Dev compose bind-mounts controller/src/, radio.liq, and sounds/ from the repo. Controller runs under tsx watch so src/** edits hot-reload inside the container; radio.liq edits just need a docker compose -f docker-compose.dev.yml restart broadcast.

The standalone subwave CLI works inside the cloned repo too. cd subwave && subwave start dev does the right thing. The contributor convenience is npm start, which tsx-runs the CLI source directly so unreleased changes are exercised. Same commands, same flags, no npm install -g needed.

The same CLI doubles as the console for running the station. Run npm start for a status-aware menu; every menu action is also a one-shot subcommand, appended after npm start --:

npm start                       # interactive operator console (status-aware menu)
npm start -- setup              # first-boot wizard: Navidrome, LLM, admin, env files
npm start -- status             # compose env, services, now-playing, recent events
npm start -- doctor             # full diagnostic sweep
npm start -- start dev          # docker compose up -d (dev or prod)
npm start -- restart broadcast  # plain restart (radio.liq is bind-mounted in dev)
npm start -- restart controller # rebuild + recreate (source is COPY-d at build)
npm start -- logs controller    # tail one service
npm start -- play               # SUB/WAVE TUI — the terminal player
npm start -- listen             # open the web player in a browser
npm start -- admin              # open the admin console in a browser
npm start -- stop               # docker compose down (confirms first)

Production deploy

Single Linux host, Cloudflare terminating TLS, Caddy routing to four internal services. The no-CLI quickstart above is the canonical path: curl two files, fill in three vars, docker compose up -d, finish setup in the browser. See DEPLOY.md for host prerequisites, Cloudflare setup, updates, and backup.

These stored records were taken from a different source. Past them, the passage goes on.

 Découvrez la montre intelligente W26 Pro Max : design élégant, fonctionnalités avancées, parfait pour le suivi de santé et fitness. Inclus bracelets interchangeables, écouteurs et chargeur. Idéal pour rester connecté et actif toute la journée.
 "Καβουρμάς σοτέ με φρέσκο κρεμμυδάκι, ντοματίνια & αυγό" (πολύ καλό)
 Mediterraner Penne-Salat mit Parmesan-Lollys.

Bring your own reverse proxy. If you already run Traefik, nginx, or your own Caddy in your homelab, swap the bundled-Caddy compose for the BYO variant:

docker compose -f docker-compose.byo.yml up -d

That exposes the web UI on :7700, the controller API on :7701, and the Icecast stream on :7702 (all configurable). Point your proxy at those three. docker/Caddyfile is a working reference for the route table you need to replicate. Details in DEPLOY.md.

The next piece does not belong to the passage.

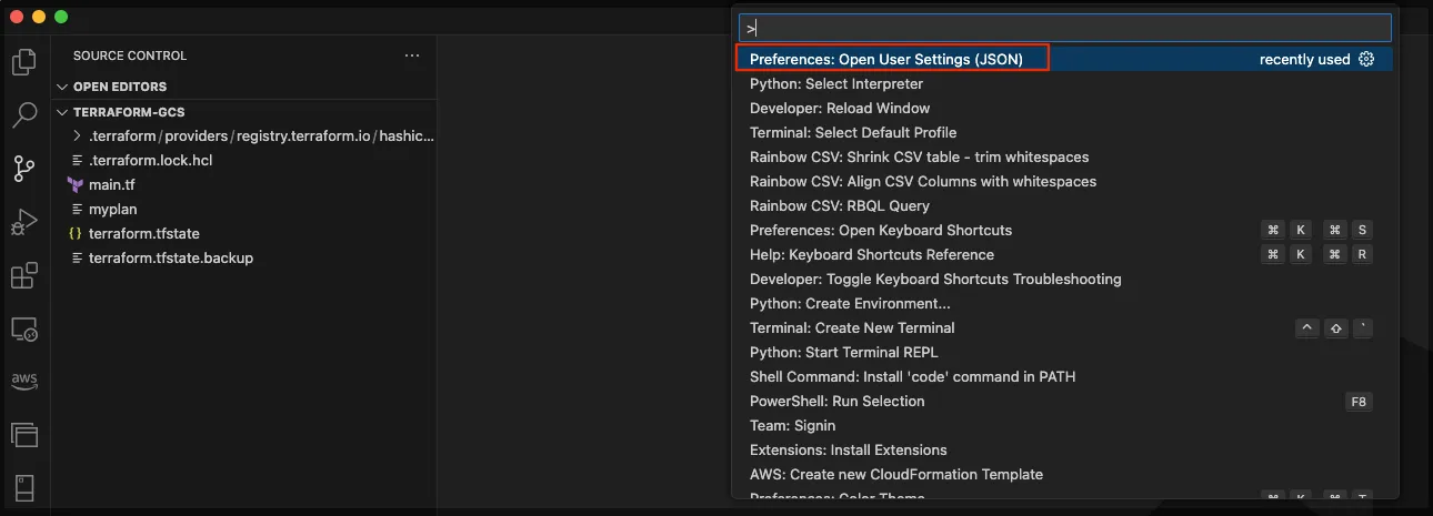 Search for “Preferences: Open Settings (JSON)” and select it.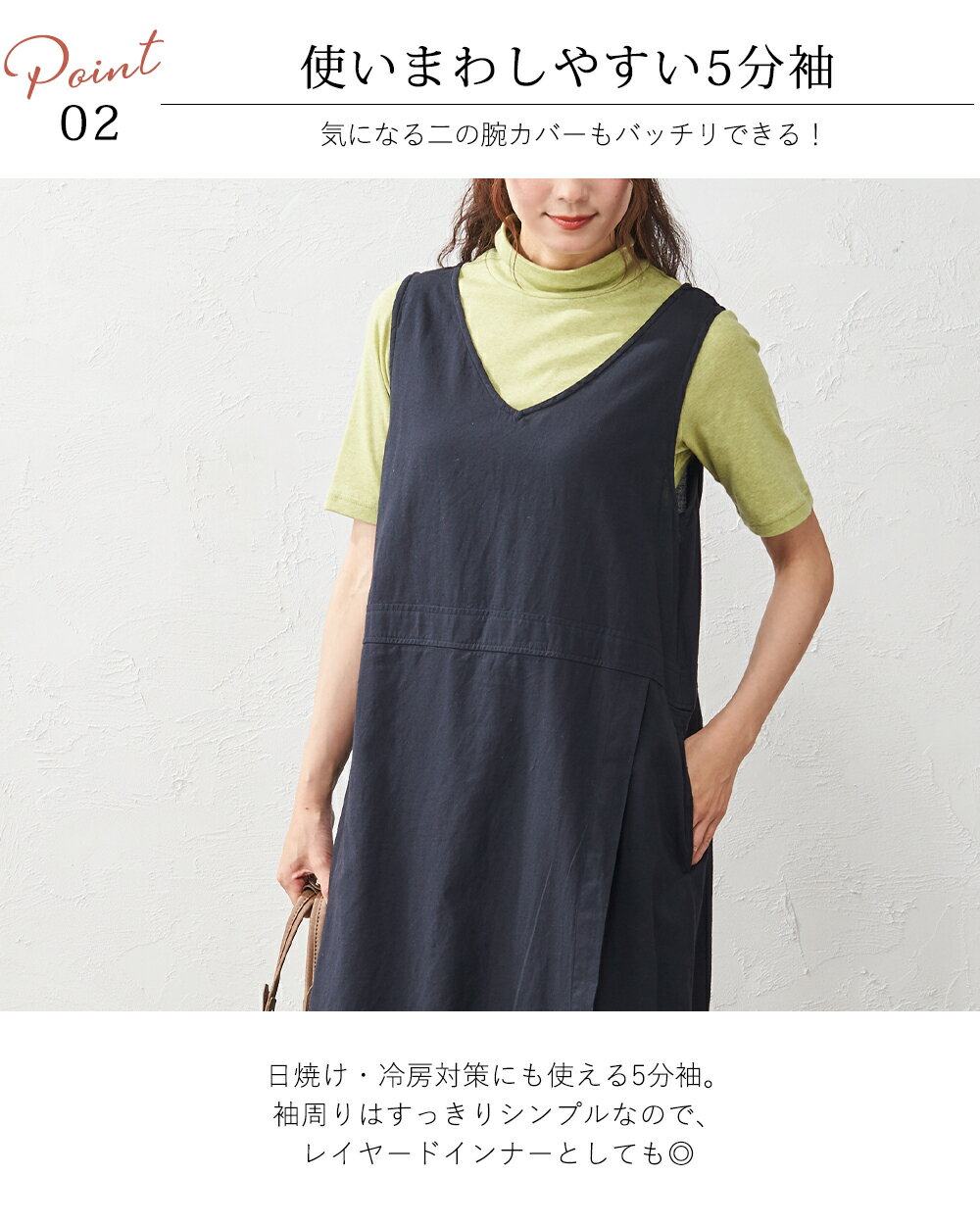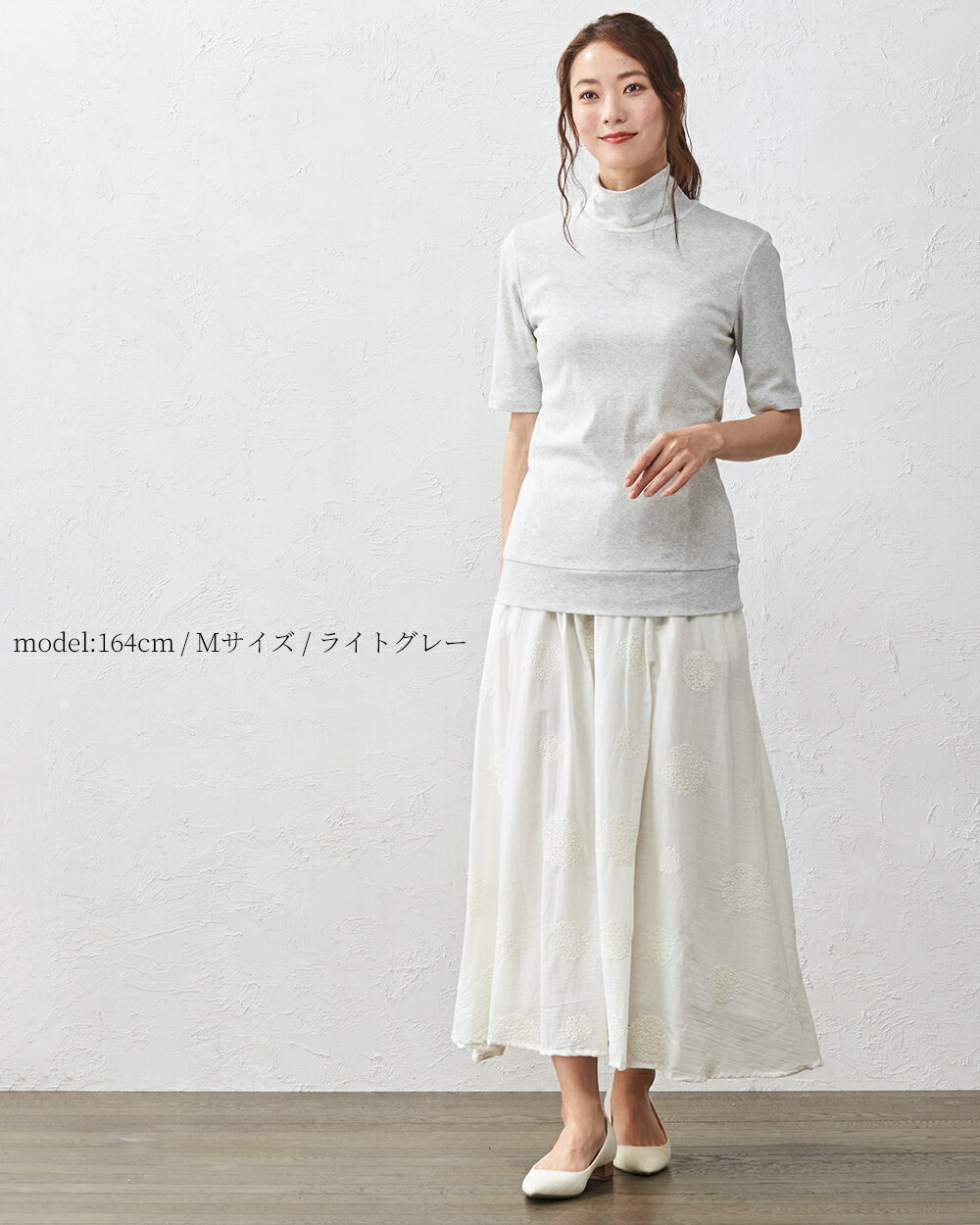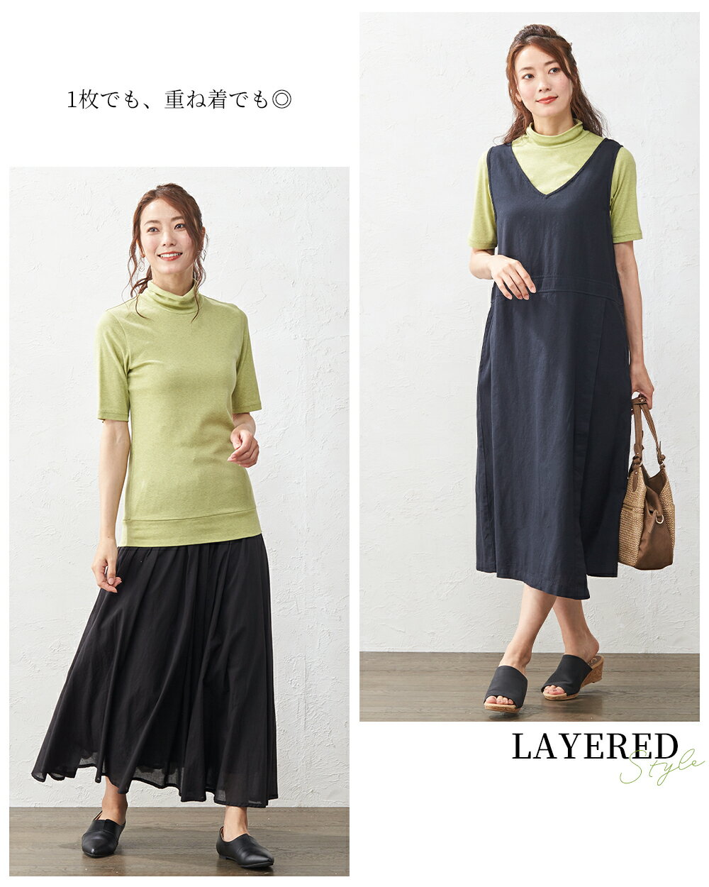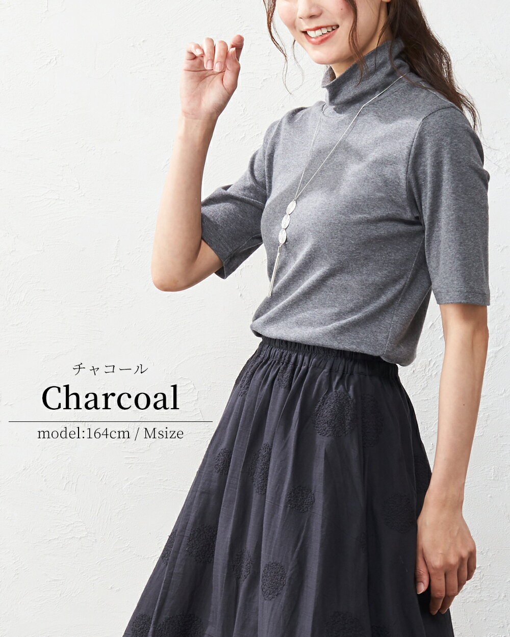 日本製 オーガニックコットン フライス ハイネック モックネック レディース トップス カットソー Tシャツ インナー 半袖 5分袖 春夏 綿 コットン 二の腕 体型カバー 洗える きれいめ ベーシック オフィス 事務服

Images on GHCR. Tagged releases publish to ghcr.io/perminder-klair/subwave-{caddy,broadcast,controller,web}. All compose files pull :latest by default; pin a version with SUBWAVE_VERSION=v1.2.3 in the root .env.

Repository layout

docker-compose.yml      Production deploy with bundled Caddy (default)
docker-compose.byo.yml  Production deploy for hosts with their own reverse proxy
docker-compose.dev.yml  Local dev (broadcast + controller only; web runs separately)
controller/        Node.js controller, the AI DJ brain
  src/llm/         LLM layer (AI SDK): provider registry, prompts, tools
  src/broadcast/   queue, session, DJ agent, scheduler, jingles
  src/music/       Subsonic client, pool picker, library tagging
  src/audio/       TTS engines: Piper, Kokoro, Chatterbox, PocketTTS, cloud
  src/routes/      HTTP API split by surface (public, request, onboarding, settings, …)
liquidsoap/        radio.liq, the Liquidsoap mixing pipeline
web/               Next.js 15 web UI (player, landing, admin, setup)
tui/               Terminal player, the listener UI in your terminal
docker/            Caddyfile, Dockerfiles, icecast.xml.template, supervisor entrypoint
scripts/           setup, jingle generation, update, health check
mcp-subwave/       MCP server that lets an agent request songs / drive the DJ
cli/               Operator CLI (TS, run via tsx loader, no build step)
bin/subwave        Operator CLI entry: setup, status, doctor, lifecycle, play

Notable details

  • Controller code needs a rebuild, not a restart, because its source is COPYd at image build time. radio.liq is bind-mounted, so a Liquidsoap restart is enough after editing it.
  • The LLM provider is swappable at runtime from the admin UI. Every model call goes through the Vercel AI SDK.
  • There is no /skip for listeners. Track-end is the only natural transition; operators have an admin-only skip endpoint.
  • Navidrome ≥0.62 is recommended. It ships several security hardening fixes (internet-radio management now admin-gated, transcode-config disclosure restricted to admins, concurrent-transcode DoS limits) and the OpenSubsonic sonicSimilarity extension. SUB/WAVE streams with format=raw so the transcode limits never throttle the radio, and when sonicSimilarity is enabled the picker automatically folds Navidrome's audio-based neighbours in as an extra track-selection source — no config, capability-probed, and a silent no-op when the extension is absent. Any reasonably recent Navidrome still works.
  • Several areas (queue/playback path, radio.liq, the crossfade, voice ducking, the LLM layer) have non-obvious constraints that are easy to regress. Read the relevant note in CLAUDE.md before touching them.

Documentation

License

MIT.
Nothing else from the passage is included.